> _TASK DIRECTIONS_
Reproduce the data exactly as given, except for any images.
━━━━━ RAW DATA ━━━━━
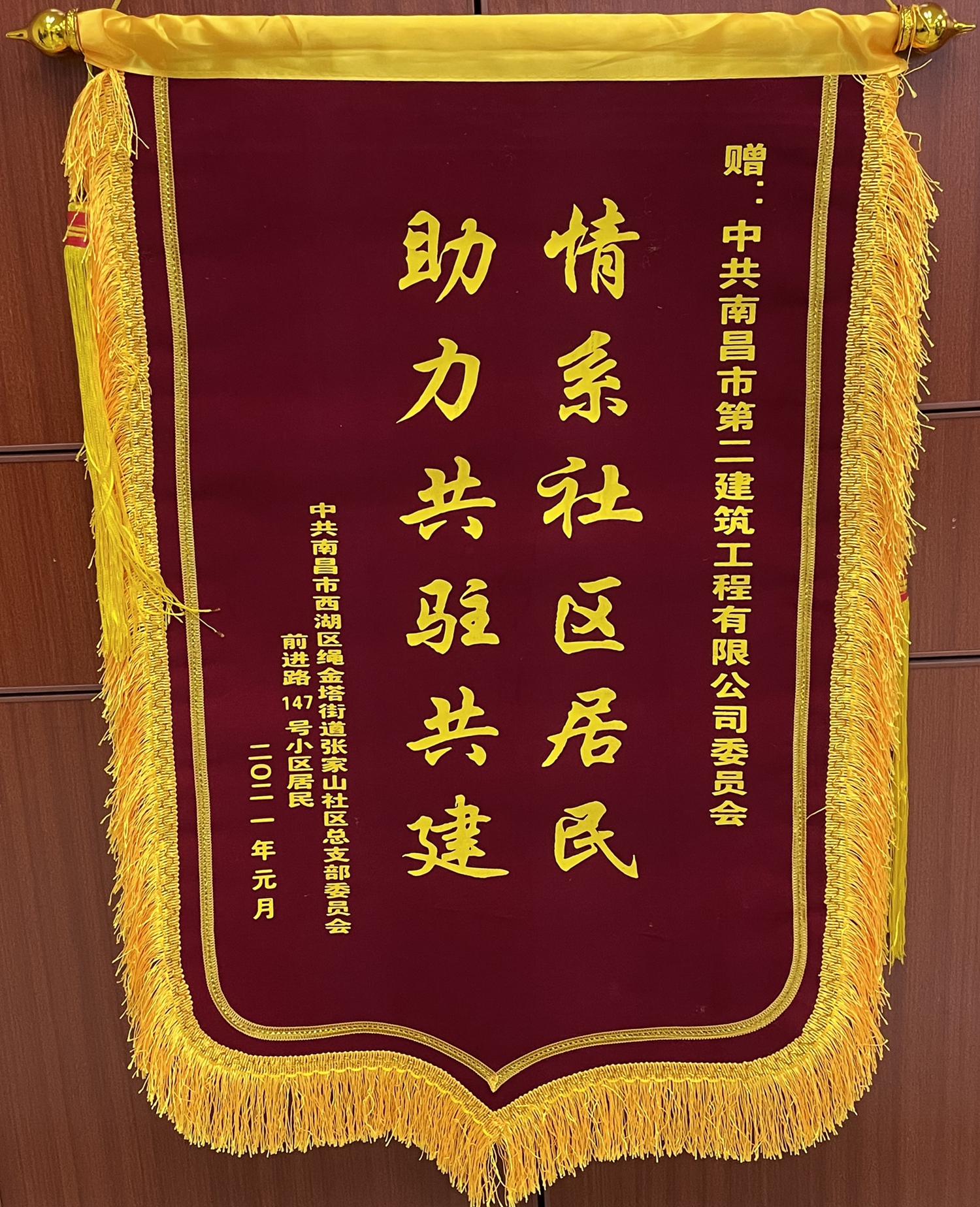 3月9日下午,南昌市西湖區張家山社區干部群眾一行來到南昌市第二建筑工程有限公司,代表社區黨總支部和20多戶社區居民向公司黨委書記、董事長王彥送上“情系社區居民,助力共駐共建”錦旗,并再三表示感謝,言語之間,情意切切。
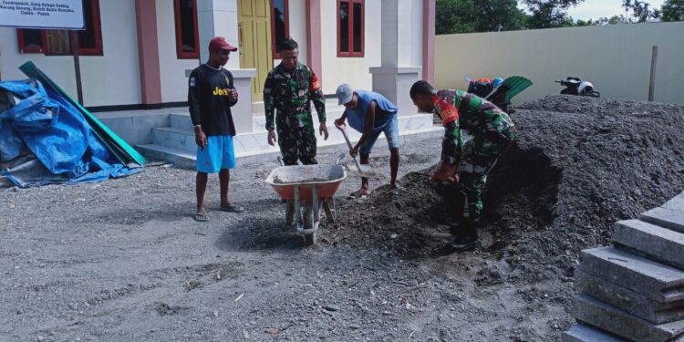 Timika, bedanews.com — Wujud kerja nyata Babinsa Koramil 1710-02/Timika bersama-sama warga masyarakat tampak saat kegiatan gotong royong melaksanakan perbaikan sarana ibadah berupa gereja bersama Jamaat GBI Siam pimpinan Bapak Marthen di Kp. Ninabua Distrik Mimika Baru, Kab. Mimika, Selasa (17/01/2023).
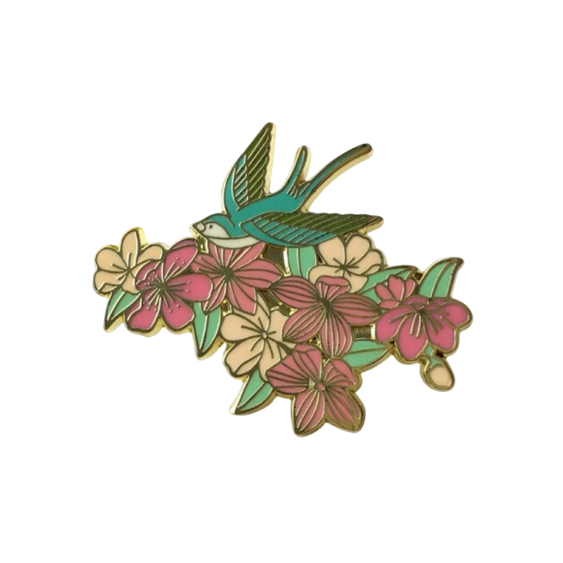 Ce pin émaillé combine le motif d'un oiseau avec des fleurs, créant ainsi un motif naturel intéressant. La composition est constituée d'un oiseau stylisé posé entre des fleurs épanouies, qui complètent l'ensemble du design. Grâce à cette combinaison, l'insigne agit comme un élément décoratif délicat inspiré de la nature.
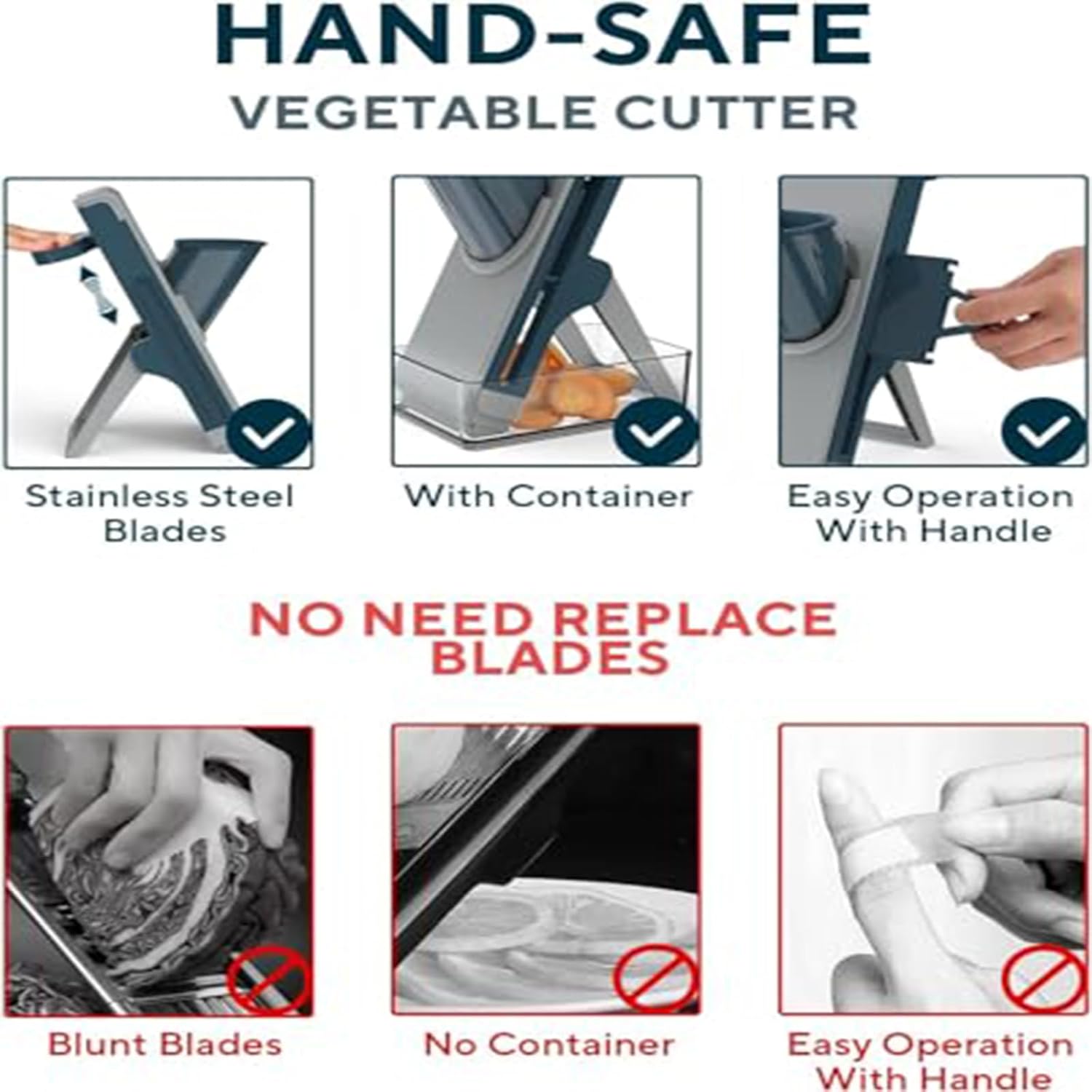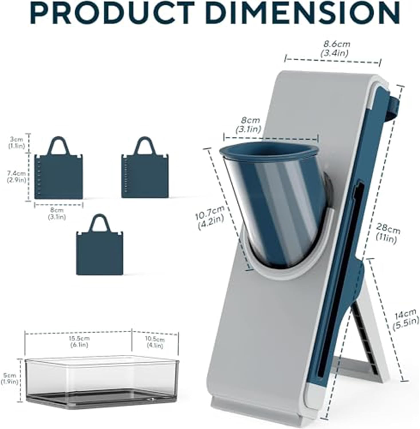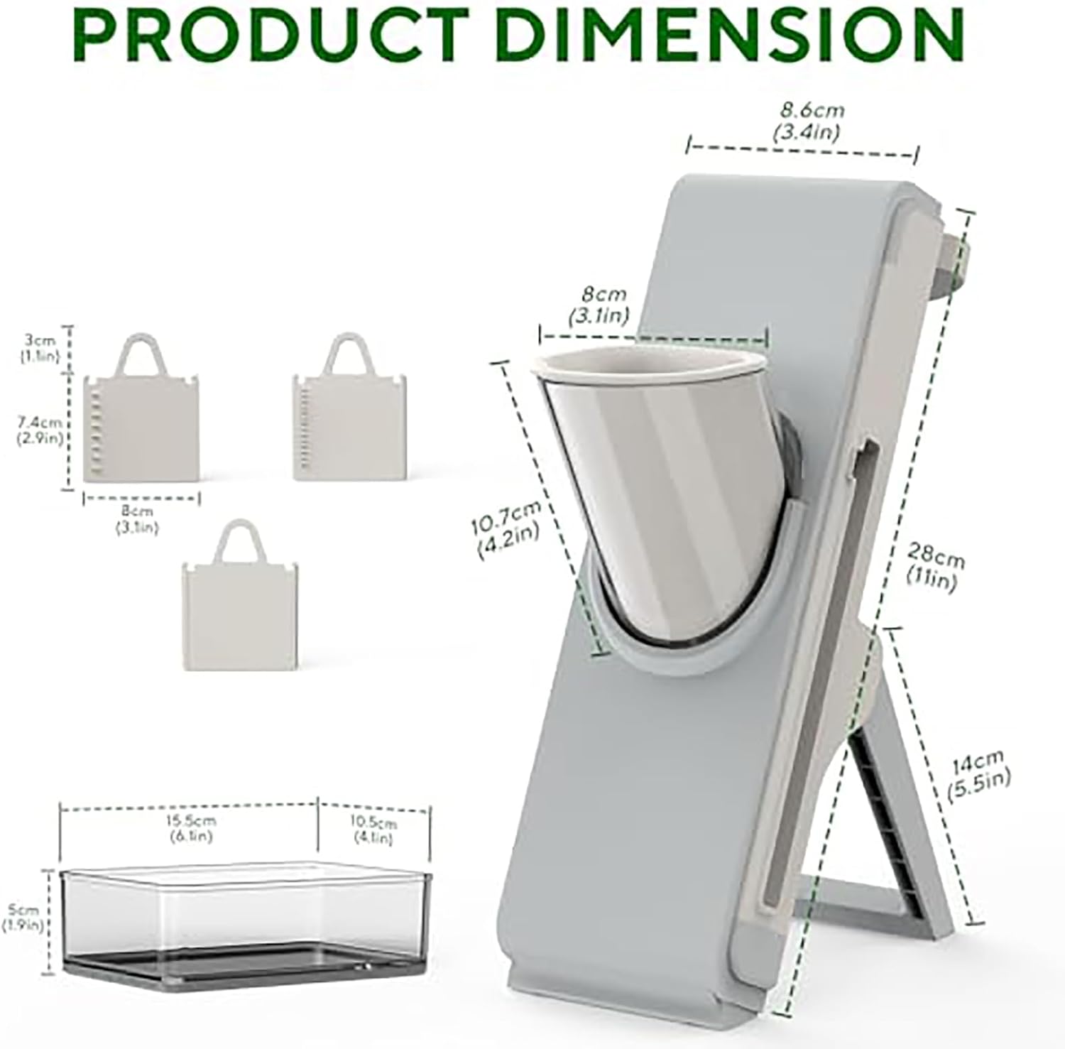 - 【Safety and High Quality】Our mandoline slicer for the kitchen has a shell made of eco-friendly ABS. The built-in stainless steel blade is strong and durable. You don't need to touch the blade, offering better protection for hand safety. Our vegetable chopper's non-slip silicone base and tripod design make it more stable.
━━━━━
> _ANSWER FOR THE TASK_
 3月9日下午,南昌市西湖區張家山社區干部群眾一行來到南昌市第二建筑工程有限公司,代表社區黨總支部和20多戶社區居民向公司黨委書記、董事長王彥送上“情系社區居民,助力共駐共建”錦旗,并再三表示感謝,言語之間,情意切切。
 Timika, bedanews.com — Wujud kerja nyata Babinsa Koramil 1710-02/Timika bersama-sama warga masyarakat tampak saat kegiatan gotong royong melaksanakan perbaikan sarana ibadah berupa gereja bersama Jamaat GBI Siam pimpinan Bapak Marthen di Kp. Ninabua Distrik Mimika Baru, Kab. Mimika, Selasa (17/01/2023).
 Ce pin émaillé combine le motif d'un oiseau avec des fleurs, créant ainsi un motif naturel intéressant. La composition est constituée d'un oiseau stylisé posé entre des fleurs épanouies, qui complètent l'ensemble du design. Grâce à cette combinaison, l'insigne agit comme un élément décoratif délicat inspiré de la nature.
 - 【Safety and High Quality】Our mandoline slicer for the kitchen has a shell made of eco-friendly ABS. The built-in stainless steel blade is strong and durable. You don't need to touch the blade, offering better protection for hand safety. Our vegetable chopper's non-slip silicone base and tripod design make it more stable.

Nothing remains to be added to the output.